Why does AV think he was fired by the Canucks?

“Well that’s a question you should ask them,” Vigneault says. “I do want to say though that I enjoyed my time in Vancouver.”

Here’s the real answer why he was fired, which could save you time if you were planning on asking the Canucks like AV instructed: AV was fired because he didn’t win the Cup. He won five division titles, two Presidents Trophies and lost in the 2010-11 Final, but he never won it all and that’s why he was fired (this is the “success” part I said we would talk about later and there’s a reason “success” has quotations around). Pretty straightforward.
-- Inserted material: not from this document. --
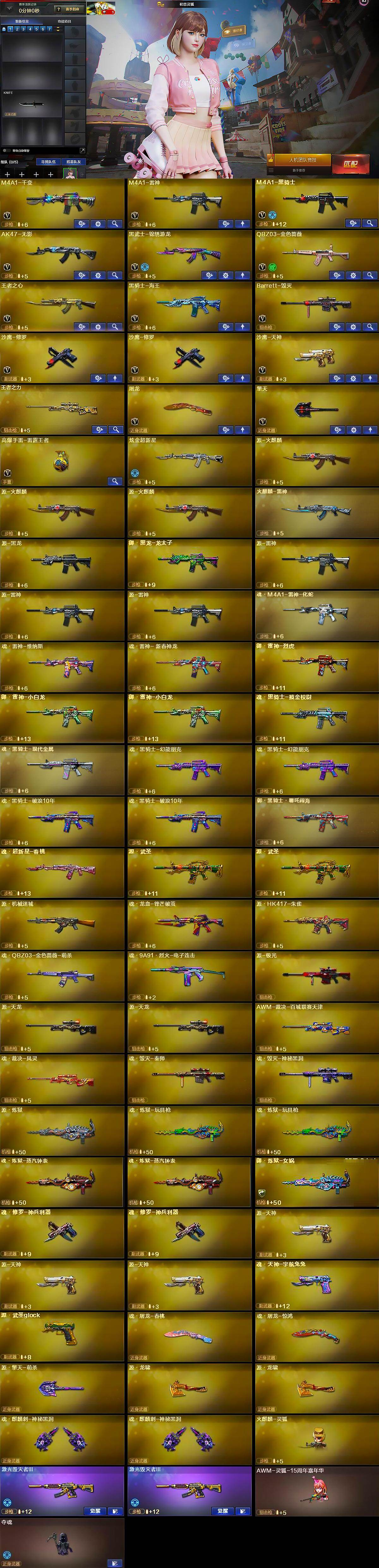 【源级武器】:源·火麒麟*3,御·火麒麟-平天大圣,火麒麟-雷神,源-黑龙,御·黑龙-龙太子,源·雷神*3,魂·M4A1-雷神-化蛇,魂·雷神-维纳斯,魂·雷神-新春神龙,御·雷神-机甲刑天,御·雷神-烈虎,御·雷神-葫芦兄弟,御·雷神-小白龙*2,魂·黑骑士-摸金校尉,魂·黑骑士-现代金属,魂·黑骑士-幻能朋克*2,魂·黑骑士-破浪10年*2,御·黑骑士-冰魄,御·黑骑士·哪吒闹海,魂·超新星-春桃,源·武圣*2,源·机械迷城,魂·龙血-锋芒破茧,源·青龙,源·HK417-朱雀,魂·QBZ03-金色蔷薇-萌杀,魂·9A91·烈火-电子连击,源-极光,源·天龙*2,AWM-裁决-百城联赛天津,魂·裁决-凤灵,源·毁灭,魂·毁灭-秦师,魂·毁灭-青帝,魂·毁灭-神秘黑洞,御·毁灭-黑大圣*2,源·炼狱,魂·炼狱-玩具枪*2,魂·炼狱-蒸汽钟表*2,御·炼狱-女娲,魂·修罗-神兵利器*2,源·天神*3,魂·天神-宇航兔兔,源·武圣glock,魂·屠龙-春桃,魂·屠龙-惊鸿,源·擎天-萌杀,源·龙啸*2,魂·麒麟刺-神秘黑洞*2

Someone asks Glen Sather whether he expects either Mark Messier or Brad Richards to be part of the organization next season.

“I don’t think this is an appropriate place to talk about player decisions,” Sather says. “It’s a day for AV and I think we’ll stick to the coaching.”

I didn’t expect Sather to actually give a real answer to that question and the person who asked it should have realized they wouldn’t get a real answer either and they should have saved everyone time by not asking it. (Beat writers! Reporters!) I don’t think Richards will be back even though I think he should be back, but that decision has most likely already been made.

As for Messier, it’s a weird spot. How is he supposed to continue to serve as a special assistant to Sather when Sather didn’t hire him and he would have to work with AV and make decisions about AV’s team when AV was picked over him? I would have been happy with Messier as the head coach and wanted him to be the head coach, but it looks like his time with the team might end (for now) the way Don Mattingly’s did.

The press conference went about as well as it could for a coach who won’t coach his first game for a little over three months. Vigneault said all the right things and answered every question the way you would have wanted him to and maybe New York (his third head coaching job) will turn out to be what Chicago has been for Joel Quenneville (his third head coaching job) and what Boston has been for Claude Julien (his third head coaching job).

If it works out, Vigneault will lead the Rangers to their first Cup since 1994. If it doesn’t work out, well at least he’s not John Tortorella.